The Novak–Tyson model, first published in the paper titled "Numerical analysis of a comprehensive model of M-phase control in Xenopus oocyte extracts and intact embryos", builds on the Goldbeter and Tyson 1991 models in order to generate a unifying theory, encapsulating the observed dynamics of the cyclin-MPF relationship.

== Model ==
The model proposes a complex set of feedback relationships that are mathematically defined by a series of rate constants and ordinary differential equations. It employs concepts seen in the previous models such as stoichiometric binding of Cdc2 and cyclin B, positive feedback loops through Cdc25 and Wee1, and delayed activation by MPF of the APC, but includes additional reactions such as that of Wee1 and Cdc25. The result is a non-linear dynamic system with a similar S-shaped curve from Tyson's 1991 model. In the process, this model makes four key predictions.

=== Discontinuous bistable hysteresis ===
According to the Novak–Tyson model, rather than describing Solomon's observations as a sigmoidal switch as seen in the Goldbeter model, the threshold behavior of cyclin concentration dependent MPF activity is instead, a discontinuity of a bistable system.
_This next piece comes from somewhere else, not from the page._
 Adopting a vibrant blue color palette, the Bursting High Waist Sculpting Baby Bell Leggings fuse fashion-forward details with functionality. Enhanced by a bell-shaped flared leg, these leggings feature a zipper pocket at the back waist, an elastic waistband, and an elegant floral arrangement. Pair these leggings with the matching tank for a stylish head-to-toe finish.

Moreover, due to the S-shape dynamics, the Novak–Tyson model additionally predicts that the cyclin concentration threshold for activation is higher than the cyclin concentration threshold for inactivation; that is, this model predicts a dynamically hysteretic behavior.

=== Critical slowing down ===
Since the Novak–Tyson model predicts that the observed threshold is actually a discontinuity in the system dynamics, it additionally predicts a critical slowing down behavior near the threshold, which is a characteristic behavior of discontinuous bistable systems.
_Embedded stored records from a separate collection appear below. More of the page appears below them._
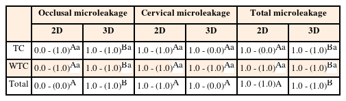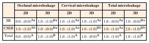 Research Article Marginal microleakage of cervical composite resin restorations bonded using etch-and-rinse and self-etch adhesives: two dimensional vs. three dimensional methods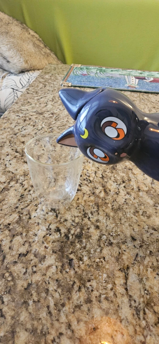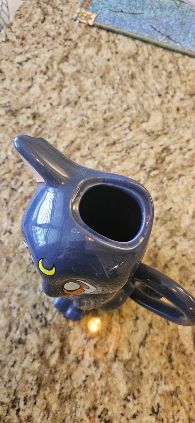 This dark blue ceramic mug is shaped like Luna from Sailor Moon. It's got a fun design and a unique tail handle. Perfect for any fan's collection!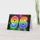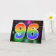 The front of this exciting, fun, and vibrant greeting card design features a colourful celebratory fireworks inspired pattern, along with the number "96" featuring a multicolored rainbow inspired gradient pattern, on a black coloured background. The inside features a custom greeting message, or could perhaps be cleared and left blank if a message is to be written by hand instead. A greeting card like this might be a fun way to acknowledge somebody’s ninety sixth birthday, or perhaps a couple’s ninety sixth wedding anniversary, or some other 96th event. [~Z0000342]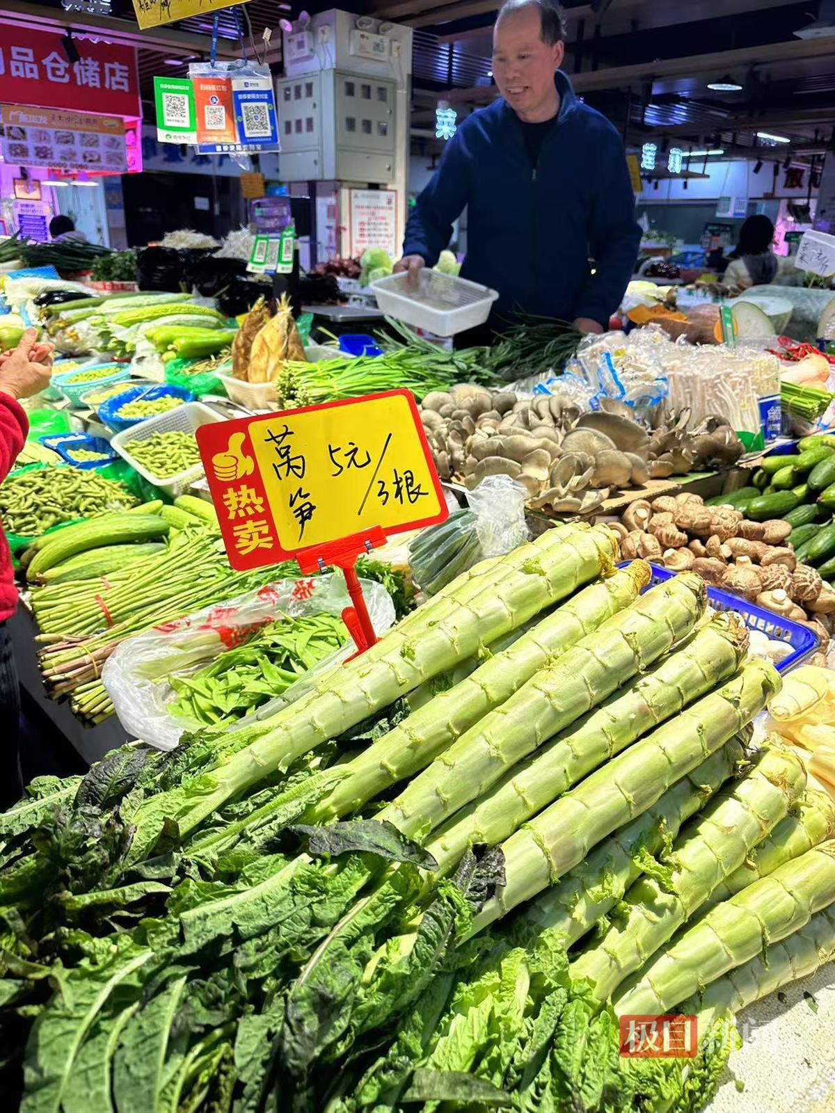 “这个菜很实惠新鲜。”市场蒋女士花了5块钱买了3根莴苣,商户高先生介绍,一根莴苣大约在2斤,售卖情况很好。

=== Biochemical regulation ===
Since the model predicts that MPF activation at the interphase-to-mitosis transition is governed by the turning point of an S-shaped curve, Novak and Tyson suggest that transition-delaying checkpoint signals biochemically move the turning point to larger values of cyclin B concentration.

=== Phosphatase regulation ===
Novak and Tyson predict that unreplicated DNA interferes with M-phase initiation by activating the phosphatases that oppose MPF in the positive feedback loops. This prediction suggests a possible role for regulated serine/threonine protein phosphatases in cell cycle control.

== Model validation ==
At the time of publishing, the predictions from the paper were all experimentally untested and were based only off the signal pathways and mathematical modeling proposed by Novak and Tyson. However, since then, two papers have experimentally validated three of the four predictions listed above, namely the discontinuous bistable hysteresis, critical slowing down, and biochemical regulation predictions.

== Weaknesses ==
According to the Novak and Tyson, this model, as with any biologically detailed, mathematically driven model, is heavily reliant on parameter estimation, especially given the mathematical complexity for this particular model. Ultimately these parameters are fit to experimental data, which is inherently susceptible to the compounded reliability of various experiments measuring various parameters.